* [Task] Apart from the pictures, every part of the records below gets retyped exactly.

>>

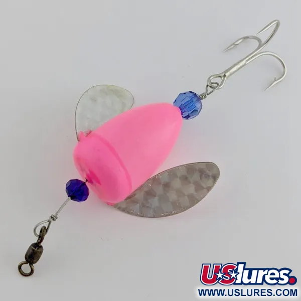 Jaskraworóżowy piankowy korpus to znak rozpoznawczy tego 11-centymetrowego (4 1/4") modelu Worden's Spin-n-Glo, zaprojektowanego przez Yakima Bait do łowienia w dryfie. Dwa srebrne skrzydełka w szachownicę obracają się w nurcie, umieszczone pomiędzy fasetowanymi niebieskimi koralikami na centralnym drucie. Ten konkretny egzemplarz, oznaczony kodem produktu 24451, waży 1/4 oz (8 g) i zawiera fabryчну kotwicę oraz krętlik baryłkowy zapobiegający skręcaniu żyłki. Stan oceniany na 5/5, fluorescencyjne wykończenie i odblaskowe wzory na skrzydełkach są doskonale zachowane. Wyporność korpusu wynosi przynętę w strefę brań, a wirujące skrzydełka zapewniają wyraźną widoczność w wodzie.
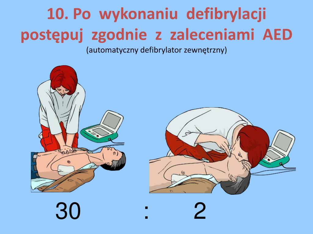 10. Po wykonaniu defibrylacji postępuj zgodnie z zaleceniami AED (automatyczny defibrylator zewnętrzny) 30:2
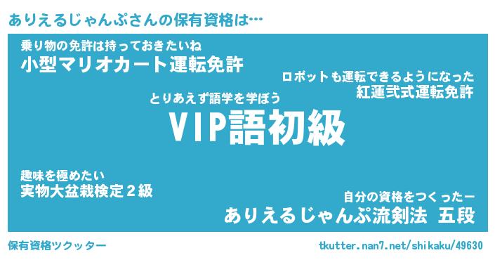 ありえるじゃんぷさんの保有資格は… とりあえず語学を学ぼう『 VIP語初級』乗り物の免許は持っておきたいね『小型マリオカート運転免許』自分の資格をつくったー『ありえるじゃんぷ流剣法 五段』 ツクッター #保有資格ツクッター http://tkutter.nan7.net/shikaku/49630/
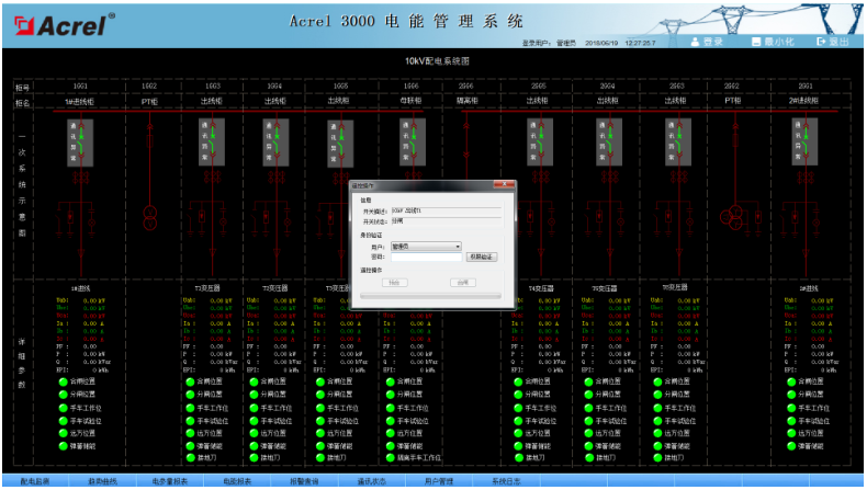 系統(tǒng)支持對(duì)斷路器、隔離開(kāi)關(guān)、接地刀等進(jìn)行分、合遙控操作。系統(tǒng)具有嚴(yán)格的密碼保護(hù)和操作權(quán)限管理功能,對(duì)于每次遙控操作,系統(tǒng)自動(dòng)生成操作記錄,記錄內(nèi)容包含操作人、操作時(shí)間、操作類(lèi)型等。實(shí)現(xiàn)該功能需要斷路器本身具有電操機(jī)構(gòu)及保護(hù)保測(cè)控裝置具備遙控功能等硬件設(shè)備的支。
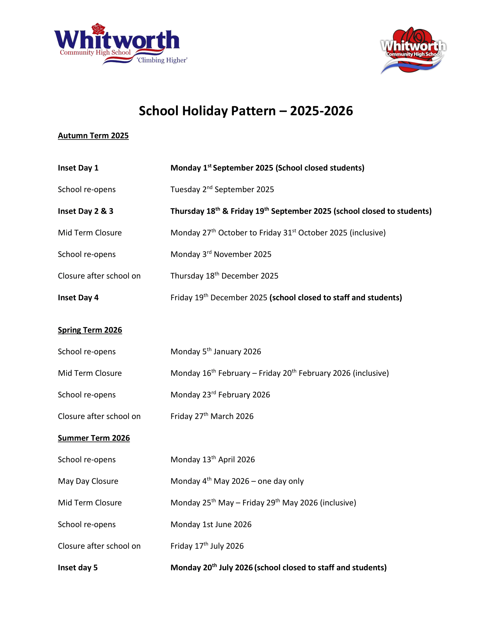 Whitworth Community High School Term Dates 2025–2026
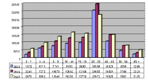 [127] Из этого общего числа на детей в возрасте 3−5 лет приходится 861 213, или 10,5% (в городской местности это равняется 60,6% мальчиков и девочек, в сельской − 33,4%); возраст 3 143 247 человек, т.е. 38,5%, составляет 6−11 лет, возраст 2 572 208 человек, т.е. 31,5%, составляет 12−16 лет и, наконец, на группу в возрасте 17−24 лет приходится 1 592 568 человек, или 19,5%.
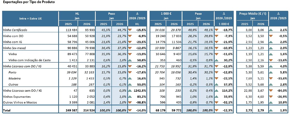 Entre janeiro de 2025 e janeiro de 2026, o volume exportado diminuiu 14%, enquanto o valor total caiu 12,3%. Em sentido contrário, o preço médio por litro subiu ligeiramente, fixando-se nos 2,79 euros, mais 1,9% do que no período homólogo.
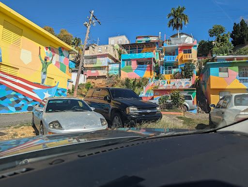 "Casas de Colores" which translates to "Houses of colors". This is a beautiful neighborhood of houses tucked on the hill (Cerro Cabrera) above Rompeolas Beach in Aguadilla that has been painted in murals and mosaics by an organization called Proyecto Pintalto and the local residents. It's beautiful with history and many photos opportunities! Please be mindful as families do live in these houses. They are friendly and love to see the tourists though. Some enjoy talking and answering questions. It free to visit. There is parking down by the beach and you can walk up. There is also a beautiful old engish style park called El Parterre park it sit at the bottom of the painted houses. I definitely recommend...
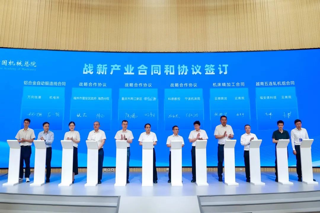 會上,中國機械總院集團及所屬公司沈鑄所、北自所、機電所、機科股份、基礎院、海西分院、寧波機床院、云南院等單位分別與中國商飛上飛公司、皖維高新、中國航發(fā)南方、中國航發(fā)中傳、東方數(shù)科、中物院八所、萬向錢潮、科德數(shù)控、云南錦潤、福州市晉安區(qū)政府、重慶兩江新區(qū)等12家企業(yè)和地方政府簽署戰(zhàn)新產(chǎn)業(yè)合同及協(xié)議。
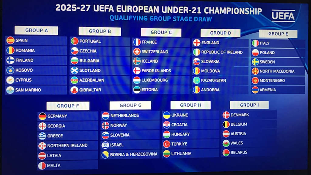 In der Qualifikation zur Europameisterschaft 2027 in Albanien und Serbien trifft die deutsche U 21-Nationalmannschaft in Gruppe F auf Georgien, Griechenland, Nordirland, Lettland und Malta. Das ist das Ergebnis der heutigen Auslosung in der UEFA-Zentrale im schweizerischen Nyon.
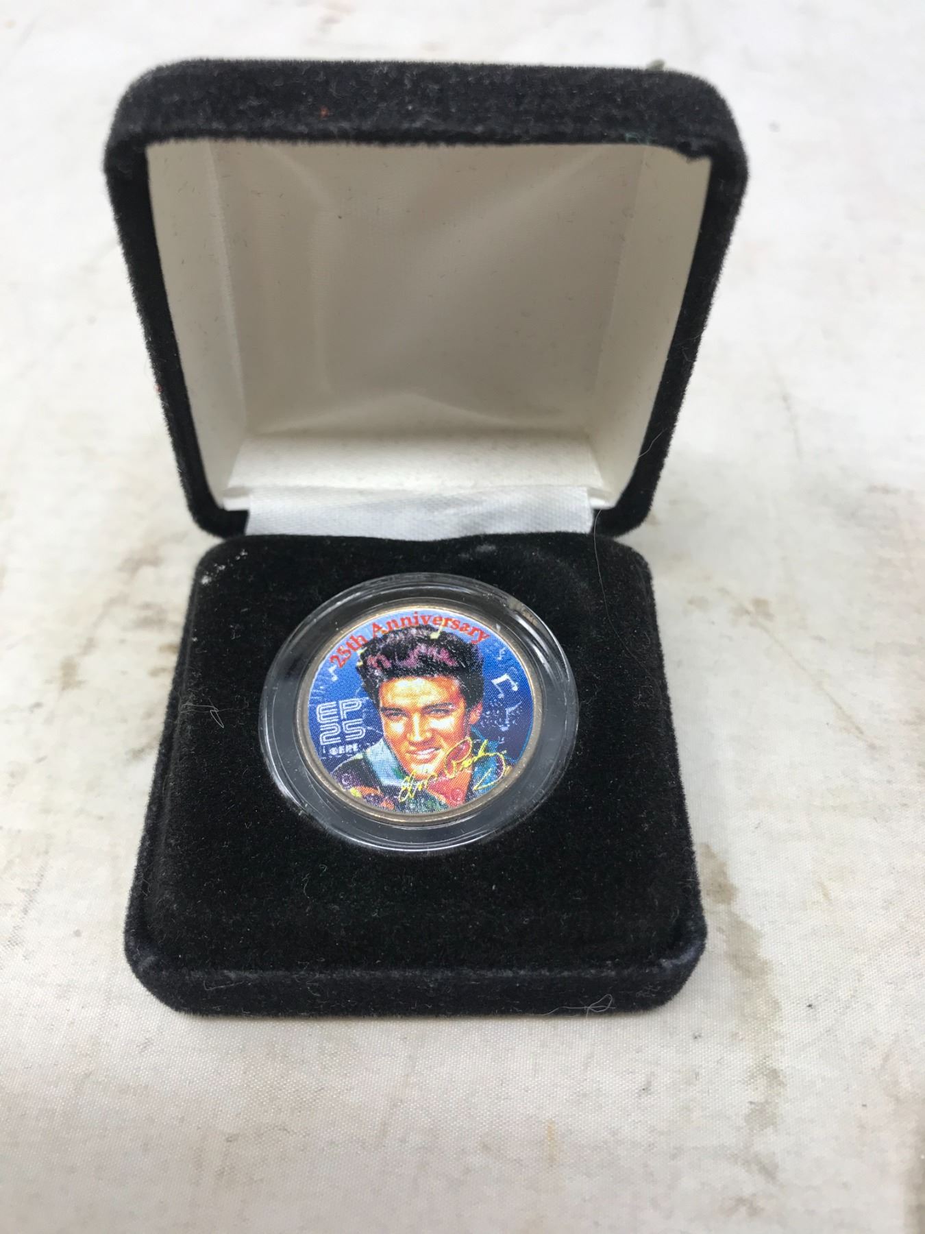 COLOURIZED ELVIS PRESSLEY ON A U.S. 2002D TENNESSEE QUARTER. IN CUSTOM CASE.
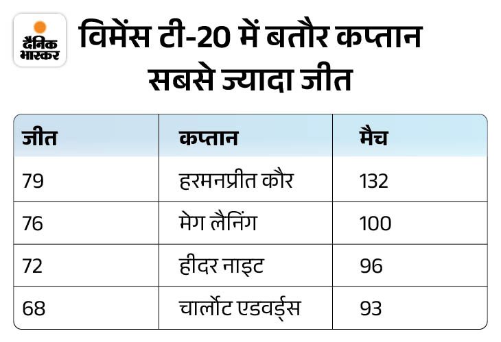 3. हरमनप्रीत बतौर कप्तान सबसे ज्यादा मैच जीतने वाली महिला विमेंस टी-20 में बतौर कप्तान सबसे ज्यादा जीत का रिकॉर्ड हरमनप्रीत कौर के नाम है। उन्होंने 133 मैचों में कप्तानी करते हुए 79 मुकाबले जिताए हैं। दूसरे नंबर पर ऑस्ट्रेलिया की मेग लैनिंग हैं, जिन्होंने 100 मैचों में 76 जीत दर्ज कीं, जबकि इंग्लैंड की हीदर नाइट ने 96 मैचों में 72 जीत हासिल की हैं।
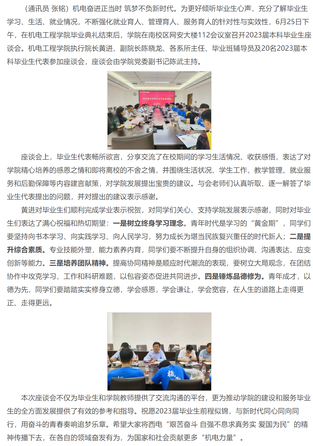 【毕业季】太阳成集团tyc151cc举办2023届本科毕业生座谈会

<<

* [Expected answer]
 Jaskraworóżowy piankowy korpus to znak rozpoznawczy tego 11-centymetrowego (4 1/4") modelu Worden's Spin-n-Glo, zaprojektowanego przez Yakima Bait do łowienia w dryfie. Dwa srebrne skrzydełka w szachownicę obracają się w nurcie, umieszczone pomiędzy fasetowanymi niebieskimi koralikami na centralnym drucie. Ten konkretny egzemplarz, oznaczony kodem produktu 24451, waży 1/4 oz (8 g) i zawiera fabryчну kotwicę oraz krętlik baryłkowy zapobiegający skręcaniu żyłki. Stan oceniany na 5/5, fluorescencyjne wykończenie i odblaskowe wzory na skrzydełkach są doskonale zachowane. Wyporność korpusu wynosi przynętę w strefę brań, a wirujące skrzydełka zapewniają wyraźną widoczność w wodzie.
 10. Po wykonaniu defibrylacji postępuj zgodnie z zaleceniami AED (automatyczny defibrylator zewnętrzny) 30:2
 ありえるじゃんぷさんの保有資格は… とりあえず語学を学ぼう『 VIP語初級』乗り物の免許は持っておきたいね『小型マリオカート運転免許』自分の資格をつくったー『ありえるじゃんぷ流剣法 五段』 ツクッター #保有資格ツクッター http://tkutter.nan7.net/shikaku/49630/
 系統(tǒng)支持對(duì)斷路器、隔離開(kāi)關(guān)、接地刀等進(jìn)行分、合遙控操作。系統(tǒng)具有嚴(yán)格的密碼保護(hù)和操作權(quán)限管理功能,對(duì)于每次遙控操作,系統(tǒng)自動(dòng)生成操作記錄,記錄內(nèi)容包含操作人、操作時(shí)間、操作類(lèi)型等。實(shí)現(xiàn)該功能需要斷路器本身具有電操機(jī)構(gòu)及保護(hù)保測(cè)控裝置具備遙控功能等硬件設(shè)備的支。
 Whitworth Community High School Term Dates 2025–2026
 [127] Из этого общего числа на детей в возрасте 3−5 лет приходится 861 213, или 10,5% (в городской местности это равняется 60,6% мальчиков и девочек, в сельской − 33,4%); возраст 3 143 247 человек, т.е. 38,5%, составляет 6−11 лет, возраст 2 572 208 человек, т.е. 31,5%, составляет 12−16 лет и, наконец, на группу в возрасте 17−24 лет приходится 1 592 568 человек, или 19,5%.
 Entre janeiro de 2025 e janeiro de 2026, o volume exportado diminuiu 14%, enquanto o valor total caiu 12,3%. Em sentido contrário, o preço médio por litro subiu ligeiramente, fixando-se nos 2,79 euros, mais 1,9% do que no período homólogo.
 "Casas de Colores" which translates to "Houses of colors". This is a beautiful neighborhood of houses tucked on the hill (Cerro Cabrera) above Rompeolas Beach in Aguadilla that has been painted in murals and mosaics by an organization called Proyecto Pintalto and the local residents. It's beautiful with history and many photos opportunities! Please be mindful as families do live in these houses. They are friendly and love to see the tourists though. Some enjoy talking and answering questions. It free to visit. There is parking down by the beach and you can walk up. There is also a beautiful old engish style park called El Parterre park it sit at the bottom of the painted houses. I definitely recommend...
 會上,中國機械總院集團及所屬公司沈鑄所、北自所、機電所、機科股份、基礎院、海西分院、寧波機床院、云南院等單位分別與中國商飛上飛公司、皖維高新、中國航發(fā)南方、中國航發(fā)中傳、東方數(shù)科、中物院八所、萬向錢潮、科德數(shù)控、云南錦潤、福州市晉安區(qū)政府、重慶兩江新區(qū)等12家企業(yè)和地方政府簽署戰(zhàn)新產(chǎn)業(yè)合同及協(xié)議。
 In der Qualifikation zur Europameisterschaft 2027 in Albanien und Serbien trifft die deutsche U 21-Nationalmannschaft in Gruppe F auf Georgien, Griechenland, Nordirland, Lettland und Malta. Das ist das Ergebnis der heutigen Auslosung in der UEFA-Zentrale im schweizerischen Nyon.
 COLOURIZED ELVIS PRESSLEY ON A U.S. 2002D TENNESSEE QUARTER. IN CUSTOM CASE.
 3. हरमनप्रीत बतौर कप्तान सबसे ज्यादा मैच जीतने वाली महिला विमेंस टी-20 में बतौर कप्तान सबसे ज्यादा जीत का रिकॉर्ड हरमनप्रीत कौर के नाम है। उन्होंने 133 मैचों में कप्तानी करते हुए 79 मुकाबले जिताए हैं। दूसरे नंबर पर ऑस्ट्रेलिया की मेग लैनिंग हैं, जिन्होंने 100 मैचों में 76 जीत दर्ज कीं, जबकि इंग्लैंड की हीदर नाइट ने 96 मैचों में 72 जीत हासिल की हैं।
 【毕业季】太阳成集团tyc151cc举办2023届本科毕业生座谈会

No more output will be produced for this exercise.